Common Surgical Procedures At Falconbridge Animal Hospital

Charlie prepares for surgeryEvery day veterinarians are faced with a variety of surgical challenges. While some surgeries are scheduled in advance, others must be done on an emergency basis to treat a sick or injured pet. The four most common procedures we perform are mass removals, dental surgery, abdominal exploratories, and treatment and repair of an abscess.

Common Surgeries

Masses can be found almost anywhere on a pet and are seen in various sizes. Removing a mass may be simple or complex. Tumors can occur with the skin, in the ocular (eye) tissue, in nasal (nose and sinus) tissue, in muscle, and within the abdomen to name a few common sites. Both the size and location of the mass being removed will determine the difficulty of the procedure. We frequently recommend a biopsy of a removed mass. A biopsy is performed by having the tissue of the mass inspected under a microscope by a pathologist to determine if the tumor is benign (not harmful) or malignant (cancerous).

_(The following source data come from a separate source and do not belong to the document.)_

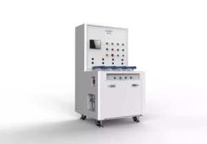 This is semi-automatic industrial reverse osmosis (RO) cartridge element rolling, it can roll SWRO, BWRO, 4040-8040 sizes of elements. It will need two people to operate at the same time. It is MMI type of machine, in the man-machine interaction area there’s safety light curtain installed for good protection. The machine comes with rolling table, adhesive dispensing, winding, ultra-sonic welding, and outer taping system, all in one. It is for mass production, and good for quick-change over to produce different sizes of the elements compare to the full-automatic machine.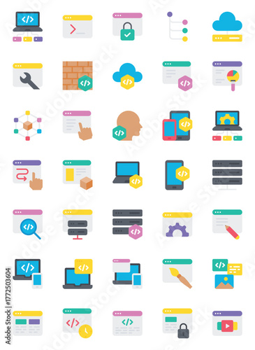Flat color icons set for Web development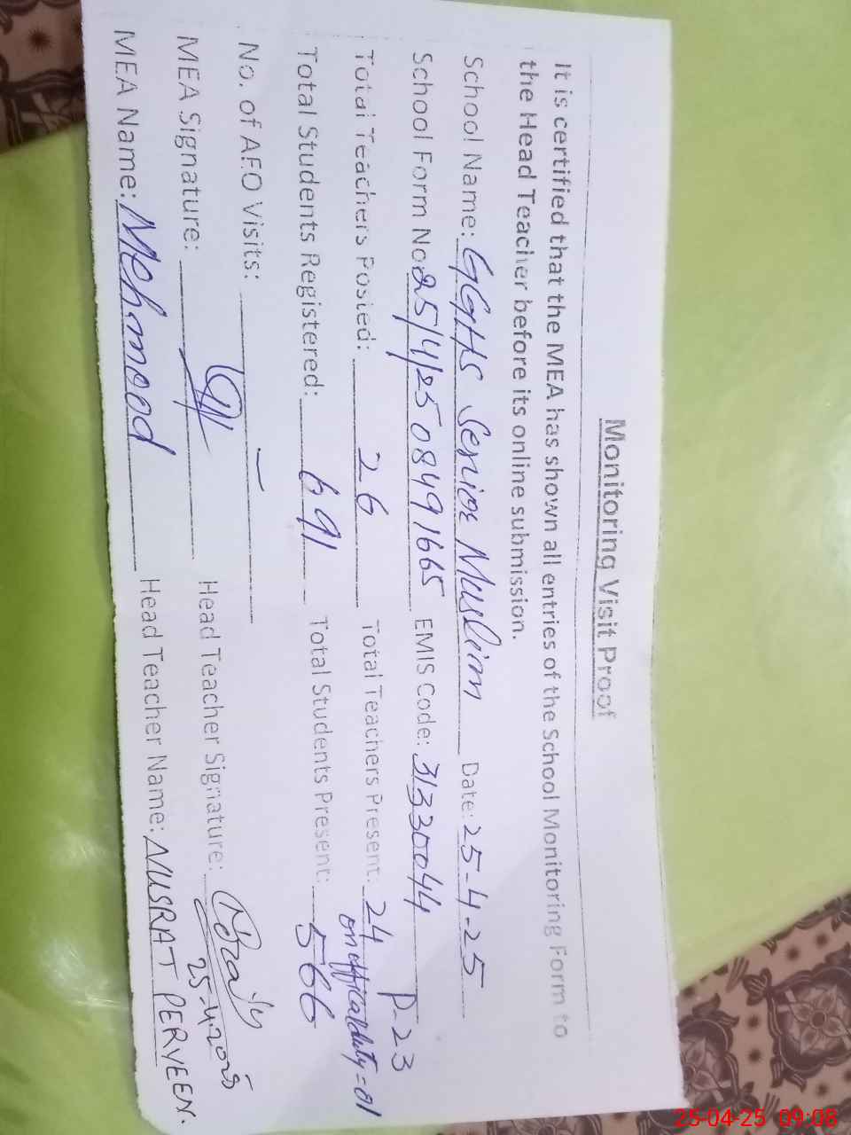| Attendance Register | Head Teacher | MEA with School | Visit Proof |

It is common for pets to need dental surgery. The most frequent dental surgical procedures we perform include extractions of teeth due to abscess or fracture, and gum surgery. The most common gum surgery we perform is to remove excess gum tissue and is called excising gingival hyperplasia. We also remove oral tumors and repair fractured jaws. Just as with other tumors, we frequently recommend biopsy of oral tumors.

Due to the fact that many dogs and cats tend to ingest foreign objects such as string, toys, tennis balls, and rocks, along with numerous other things, we perform many abdominal exploratories. Some of these ingested objects end in the stomach, but many travel into the small intestine where they become lodged. This not only causes the pet discomfort, it can also result in death of the intestine followed by death of the pet if not diagnosed and the foreign object extracted. Many foreign objects can puncture the intestinal wall causing infection if not removed. The object does not necessarily have to be sharp. Because of the twists and turns of the intestines, an object as simple as a string can “saw” the intestinal wall while being moved around one of the intestines’ curves. Most pets that have surgery surgery for foreign body removal will spend a couple of days hospitalized before going home.

Outdoor cats who tussle with each other commonly end up with “cat fight abscesses.” Because of the type of bacteria on cats’ teeth and the type of puncture wound their teeth cause, abscesses easily form under the skin of the recipient of a bite. These wounds and abscesses may be hidden by the cat’s fur, and are not always apparent since cats will lick to try to keep the surface of the wound and their fur clean. A few days after being wounded, the abscess ruptures. Depending on the extent of the abscess, the area may be cleaned and treated, or surgery may be needed to repair the wound. When surgical repair is performed, sometimes a drain will be placed. The drain is actually flexible rubber tubing along which any puss or excretions from the wound will travel and be removed from the cat’s body. When a drain is used, it must be removed after several days.

Safety and Pain Management

The anesthetics we use are very safe.  Our doctors and technicians will always run bloodwork to make sure the pet’s liver, kidney, and other internal organs are capable of processing the anesthetics.  All of our surgery patients also have an IV catheter inserted so that they may be given fluids to maintain hydration during surgery and to provide a means for administering IV medications that may be needed.

To prepare for surgery, most pets receive an injection that makes them calm and sleepy. Then a catheter is placed and the pet is given another injection that puts them in a sleeping state. This sleep state is usually maintained through the use of anesthetic gases. Pain relievers are also used prior to, during, and after surgery in order to keep the pet comfortable. Many of the surgeries we perform are completed in the morning, and by late afternoon the pet is awake and alert enough to go home that same day. When the surgery is more extensive the pet will stay in our hospital until it is safe for the pet to go home and be cared for by the pet parent.